The Trifolium genus were enriched with galactose metabolism, starch and sucrose metabolism, fatty acids biosynthesis, beta oxidation of very long chain fatty acids, inositol metabolism, inositol phosphate metabolism, and phosphatidylinositol phosphate metabolism, steroid biosynthesis pathways versus Medicago, Melilotus, and Ononis groups (S. Fig. 5D).

Conclusion

Our results revealed that among examined seed legumes viz. Melilotus, Medicago, Ononis, and Trifolium, Ononis seeds (OR, OS and OA) were almost the most abundant in fatty acids (29.8–64.2 mg/g), sugars (24.8–30.6 mg/g), sugar alcohols (5.6–8.9 mg/g) and free amino acids content (8.7–12 mg/g), while less enriched in organic acids (4.3–5.4 mg/g), as displayed in the radar plot (Fig. 7), suggesting that they are nutritionally valuable and palatable both for human and as fodder. In contrast, Melilotus species (MO and MS) were not enriched in fatty acids (6.2–7 mg/g), sugars (0.2–1.3 mg/g), sugar alcohols (0.5–1.1mg/g), and free amino acids (5.7–6.1 mg/g), suggesting that they are not treasured as potential nutrients neither for human nor as fodder.

Figure 7
figure 7

A radar plot illustrating the concentration of major metabolite classes in Melilotus, Trifolium, Medicago, and Ononis seed species expressed as mg/g.

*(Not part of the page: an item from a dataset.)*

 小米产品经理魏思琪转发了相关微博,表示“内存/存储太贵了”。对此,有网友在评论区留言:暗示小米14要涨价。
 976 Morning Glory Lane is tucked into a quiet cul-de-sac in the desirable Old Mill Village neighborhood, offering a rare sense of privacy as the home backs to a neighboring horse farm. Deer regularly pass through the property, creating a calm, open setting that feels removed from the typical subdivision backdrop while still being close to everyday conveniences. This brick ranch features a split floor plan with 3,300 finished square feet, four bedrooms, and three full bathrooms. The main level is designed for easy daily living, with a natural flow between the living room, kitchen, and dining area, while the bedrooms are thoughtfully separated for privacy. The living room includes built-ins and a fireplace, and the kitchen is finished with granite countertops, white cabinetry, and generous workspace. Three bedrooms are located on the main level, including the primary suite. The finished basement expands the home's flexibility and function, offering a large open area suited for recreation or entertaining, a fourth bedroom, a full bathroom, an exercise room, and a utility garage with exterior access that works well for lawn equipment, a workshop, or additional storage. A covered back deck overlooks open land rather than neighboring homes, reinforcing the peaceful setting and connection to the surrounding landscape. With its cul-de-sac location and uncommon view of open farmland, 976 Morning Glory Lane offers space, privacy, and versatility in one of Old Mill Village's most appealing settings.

OS was the richest in fatty acids followed by OA and OR. Likewise, OS was the most abundant in sugars followed by TI, TP, OR, and OA (Fig. 7).

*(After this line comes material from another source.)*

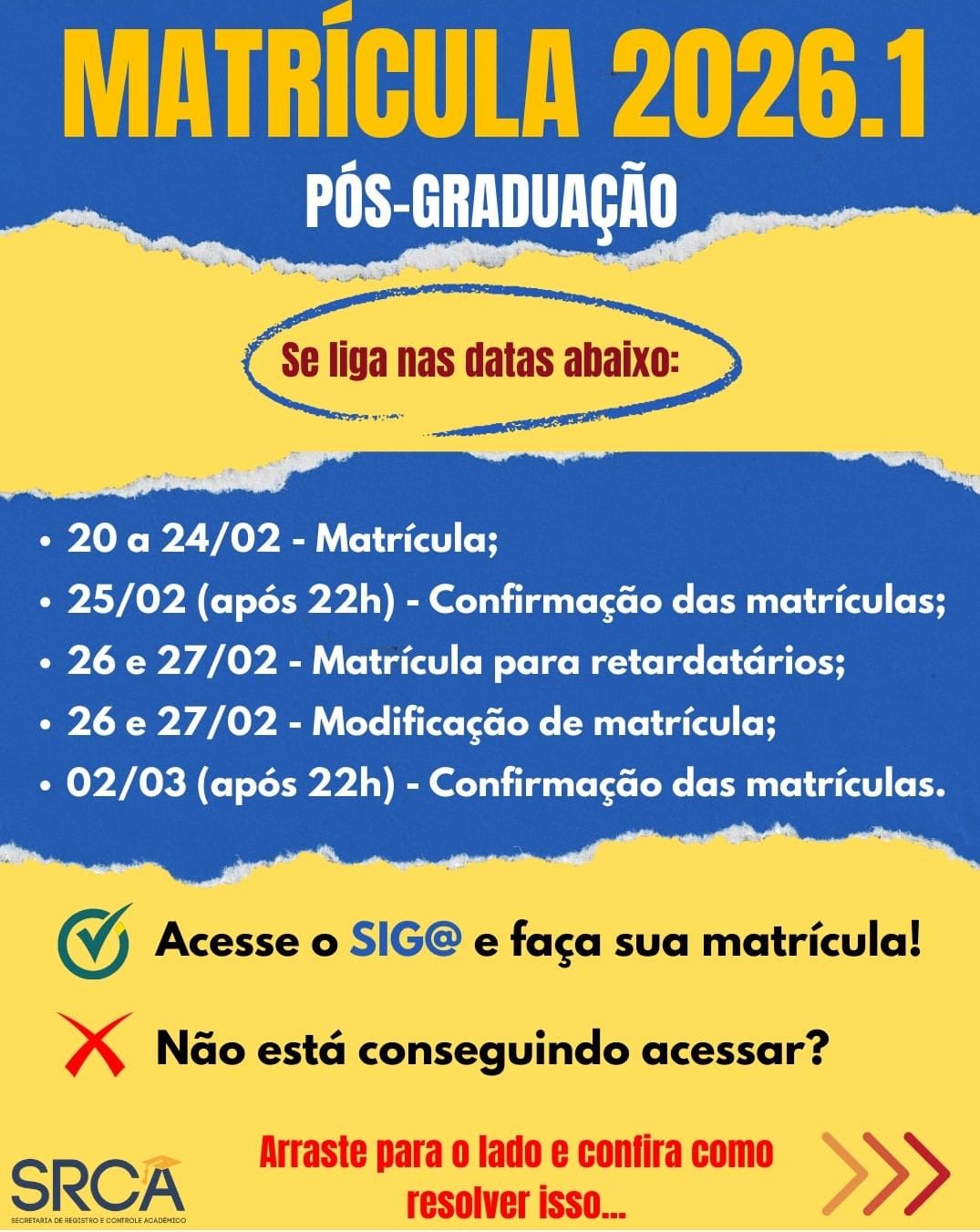 A matrícula dos estudantes veteranos dos cursos de pós-graduação da Universidade Federal do Vale do São Francisco (Univasf) para o período letivo 2026.1 acontece até terça-feira (24). Devem se matricular todos os estudantes dos cursos de especialização, mestrado e doutorado, ofertados nas modalidades presencial e a distância. O procedimento deve ser efetuado pelos discentes exclusivamente pelo Sistema de Informações e Gestão Acadêmica (Sig@).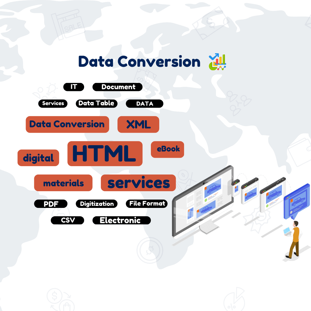 Our data conversion services encompass a broad spectrum, including but not limited to, convert PDF to CSV, XML conversion, HTML conversion services, eBook conversion services, converting Excel file to CSV and many more. We cater to diverse needs, ensuring that your data is accurately converted to the desired format, whether it's for analytical purposes, web publishing, or digital archiving.

Interestingly, OS displayed the highest fatty acids (64.2 mg/g), sugars (30.6 mg/g) sugar alcohols (8.9 mg/g), alcohols (9.9 mg/g) and moderate free amino acids content (9.6 mg/g) and organic acid (4.9 mg/g) compared to all other seeds, proposing its nutritional value and palatability.

Lacking many essential free amino acids, the examined seeds may not considered as a sufficient protein source but further studies should be conducted to unveil the total protein content both as free aminoacids protein. However, T. pannonic and M. xvaria are considered the best with relatively high free amino acids as total and essential amino acids viz. cysteine and threonine. Further crude protein profiling using LCMS platform shall provide better insight of these seeds protein content.

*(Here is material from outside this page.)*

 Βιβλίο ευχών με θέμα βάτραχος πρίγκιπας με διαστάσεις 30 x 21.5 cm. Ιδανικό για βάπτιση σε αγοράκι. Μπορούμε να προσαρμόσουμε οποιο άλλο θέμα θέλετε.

The fatty acids profile of Ononis species (OR, OS and OA) and Medicago (MX) revealed for their richness in oleic, linoleic, and α-linolenic acids with good ω-6/ω-3 and oleic/linoleic acid ratios and suggest for their potential inclusion in diet to regulate serum cholesterol levels and prevent atherosclerosis. Asides from such fatty acids profile, Ononis richness in sugar alcohols such as pinitol or sorbitol pose for their low calorie content. Future studies should now focus on exploring secondary metabolites and their biochemical activities in these seeds.

The aim of the present study was to estimate free amino acid content and other low molecular weight primary metabolites as free sugars and their contribution in the nutritional value of the examined seeds using GC/MS. GC/MS has been previously used in other studies to detect primary metabolites’ content in plants exemplified by free amino acids, sugars and fatty acids1,65. Future studies should now focus on determining crude protein levels using appropriate protein extraction techniques to verify their exact total protein composition.

Chemometric tools have succeeded in the identification of Ononis metabolites’ markers belonging to various classes i.e., (alcohol) glycerol, sugars (D-allofuranose,), and sugar alcohols (pinitol). The sugar D-Allofuranose was ascribed as discriminator marker for O. natrix (ON) accessions. Additionally, in Trifolium species, the segregation of T. montanu (TM) and T. arvense (TA) was attributed for their richness in myristic acid. The differentiation between Medicago, Melilotus, and Trifolium genera was not achieved, also the discrimination between species of the same genus was not attained suggestive for the use of stronger taxonomic markers for their classification targeting their secondary metabolome using LC/MS. Although we have targeted only accessions in legume seeds, same approach can be applied in the future for the exploration of factors affecting legume seeds metabolites profiling, including seasonal variations, cultivation, and storage conditions. Also, our study can provide new interesting details for future taxonomical studies especially if targeting larger genotypes.